**DIRECTIONS FOR THIS TASK**
Find the line containing "During the Second" in the listing below. Repeat it exactly, along with each following line up to and including the one containing "Vintage 90s shirt".
[[ DATA IN THIS EXERCISE, beginning ]]
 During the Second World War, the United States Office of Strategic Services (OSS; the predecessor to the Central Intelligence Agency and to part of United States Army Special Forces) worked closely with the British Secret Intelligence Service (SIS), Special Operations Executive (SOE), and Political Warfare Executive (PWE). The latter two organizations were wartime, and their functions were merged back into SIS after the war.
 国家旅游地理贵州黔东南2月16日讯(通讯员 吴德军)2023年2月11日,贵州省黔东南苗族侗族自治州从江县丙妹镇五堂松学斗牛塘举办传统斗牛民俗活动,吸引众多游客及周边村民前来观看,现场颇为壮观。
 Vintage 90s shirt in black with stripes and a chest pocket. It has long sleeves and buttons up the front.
[[ DATA IN THIS EXERCISE, end ]]
[[ DATA IN THIS EXERCISE, beginning ]]
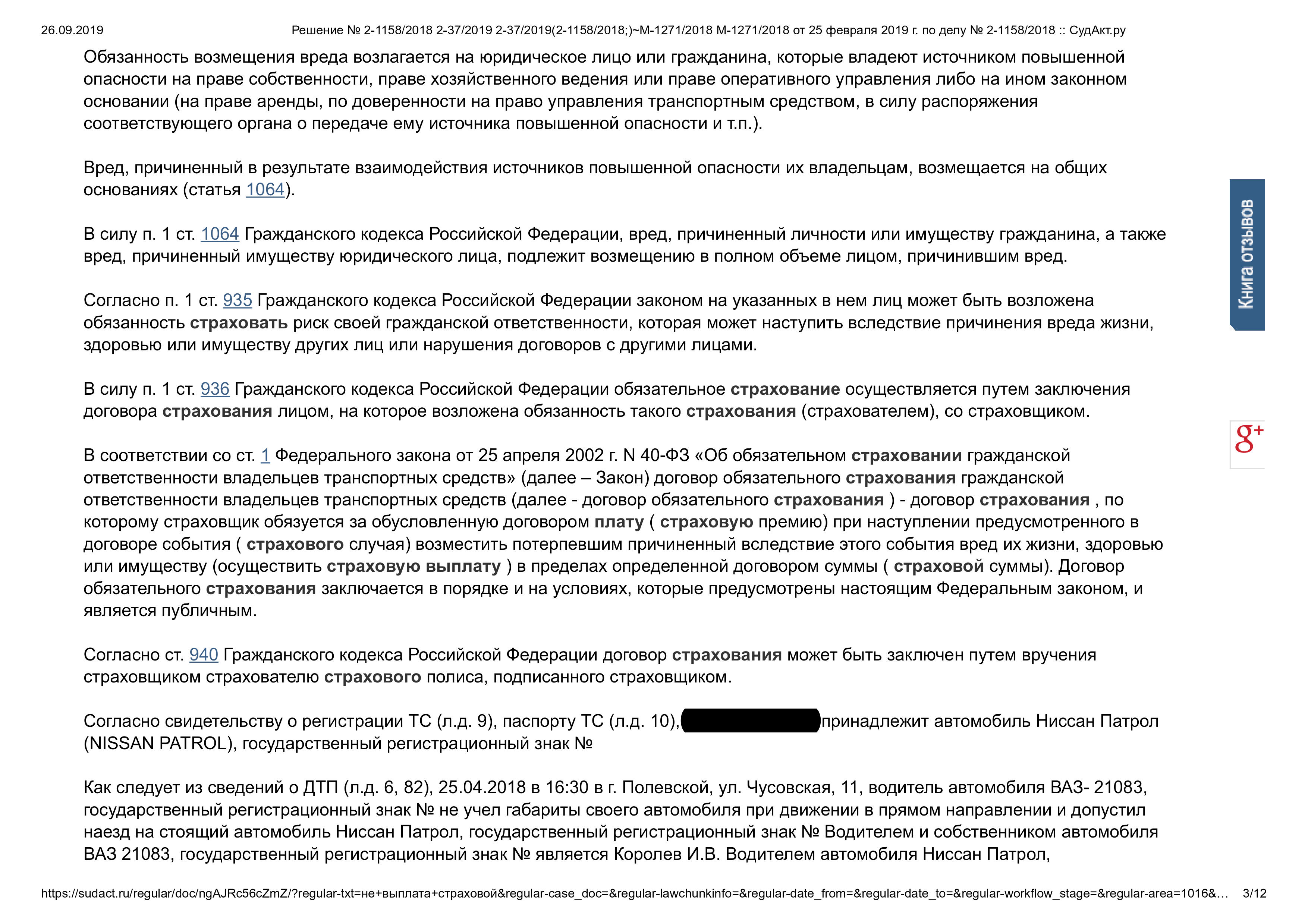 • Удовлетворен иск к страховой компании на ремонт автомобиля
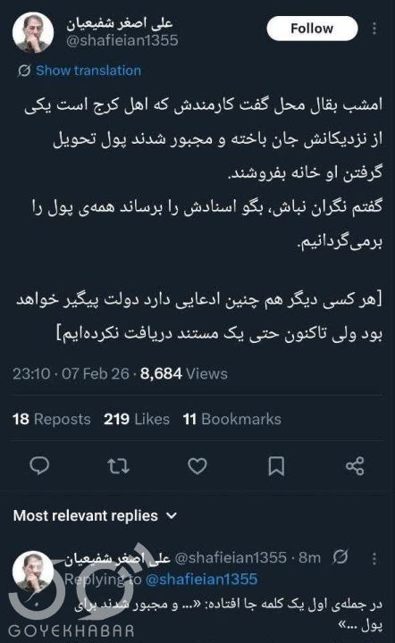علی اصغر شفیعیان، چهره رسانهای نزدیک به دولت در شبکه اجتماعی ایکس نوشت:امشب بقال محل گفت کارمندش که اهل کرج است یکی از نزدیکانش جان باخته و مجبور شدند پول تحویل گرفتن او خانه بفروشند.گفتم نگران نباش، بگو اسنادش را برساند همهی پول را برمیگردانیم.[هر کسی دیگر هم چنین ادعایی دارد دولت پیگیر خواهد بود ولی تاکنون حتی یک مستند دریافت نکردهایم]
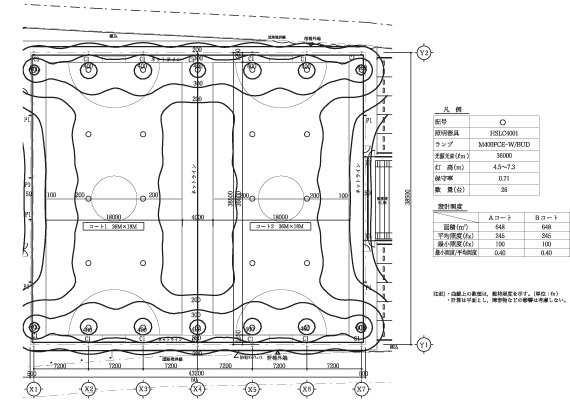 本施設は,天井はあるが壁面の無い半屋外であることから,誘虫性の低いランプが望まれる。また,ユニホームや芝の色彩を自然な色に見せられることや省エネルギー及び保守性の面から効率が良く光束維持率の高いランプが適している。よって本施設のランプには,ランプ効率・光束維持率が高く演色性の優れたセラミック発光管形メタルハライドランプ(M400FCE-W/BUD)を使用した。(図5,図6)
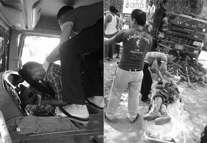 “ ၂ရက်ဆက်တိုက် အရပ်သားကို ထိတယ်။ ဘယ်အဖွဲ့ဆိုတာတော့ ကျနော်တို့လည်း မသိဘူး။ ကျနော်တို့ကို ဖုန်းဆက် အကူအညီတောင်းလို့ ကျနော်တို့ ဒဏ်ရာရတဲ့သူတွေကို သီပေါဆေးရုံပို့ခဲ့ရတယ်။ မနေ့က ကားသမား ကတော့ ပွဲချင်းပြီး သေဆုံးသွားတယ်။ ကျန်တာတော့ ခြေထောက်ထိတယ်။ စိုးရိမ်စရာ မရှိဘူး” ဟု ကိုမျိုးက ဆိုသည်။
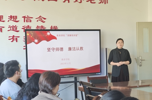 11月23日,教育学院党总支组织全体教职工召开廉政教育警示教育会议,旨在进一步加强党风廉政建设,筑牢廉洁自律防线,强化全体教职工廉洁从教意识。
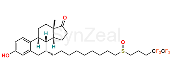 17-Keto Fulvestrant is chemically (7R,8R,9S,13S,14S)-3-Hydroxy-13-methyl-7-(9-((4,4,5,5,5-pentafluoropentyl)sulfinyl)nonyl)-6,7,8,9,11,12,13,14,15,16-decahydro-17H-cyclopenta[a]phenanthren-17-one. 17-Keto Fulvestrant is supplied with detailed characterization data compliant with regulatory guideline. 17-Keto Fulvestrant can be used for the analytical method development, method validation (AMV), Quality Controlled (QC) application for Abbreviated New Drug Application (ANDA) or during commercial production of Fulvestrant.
[[ DATA IN THIS EXERCISE, end ]]
[[ DATA IN THIS EXERCISE, beginning ]]
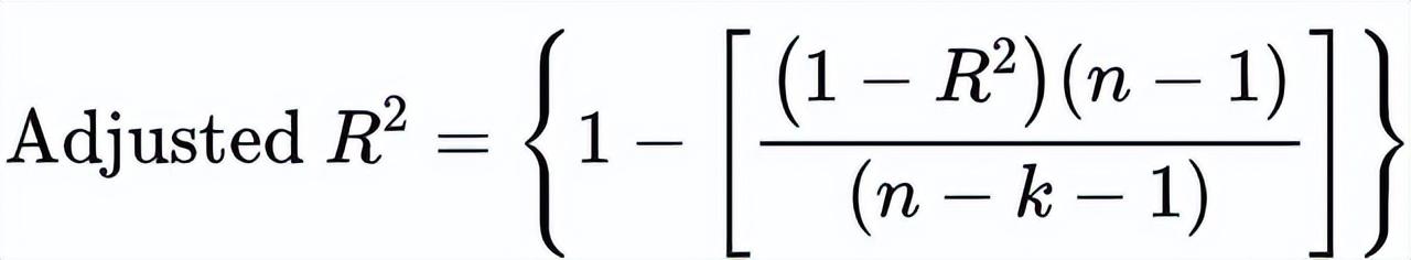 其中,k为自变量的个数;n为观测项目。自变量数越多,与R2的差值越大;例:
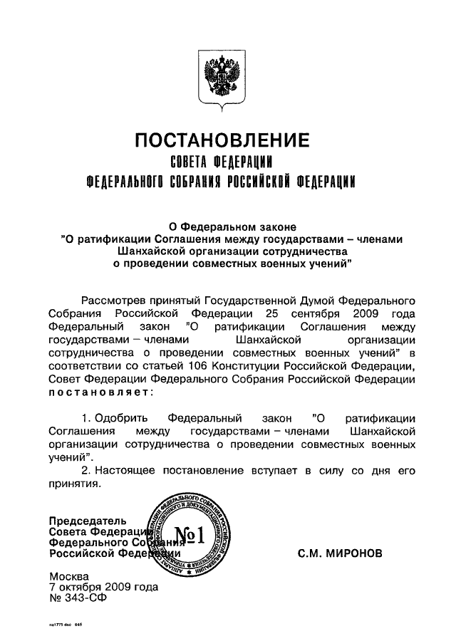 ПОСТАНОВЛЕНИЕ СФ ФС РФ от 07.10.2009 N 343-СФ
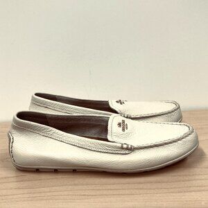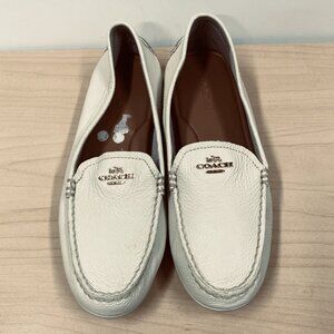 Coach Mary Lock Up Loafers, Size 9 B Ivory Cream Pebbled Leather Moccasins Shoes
[[ DATA IN THIS EXERCISE, end ]]
**REPLY TO THE TASK**
 During the Second World War, the United States Office of Strategic Services (OSS; the predecessor to the Central Intelligence Agency and to part of United States Army Special Forces) worked closely with the British Secret Intelligence Service (SIS), Special Operations Executive (SOE), and Political Warfare Executive (PWE). The latter two organizations were wartime, and their functions were merged back into SIS after the war.
 国家旅游地理贵州黔东南2月16日讯(通讯员 吴德军)2023年2月11日,贵州省黔东南苗族侗族自治州从江县丙妹镇五堂松学斗牛塘举办传统斗牛民俗活动,吸引众多游客及周边村民前来观看,现场颇为壮观。
 Vintage 90s shirt in black with stripes and a chest pocket. It has long sleeves and buttons up the front.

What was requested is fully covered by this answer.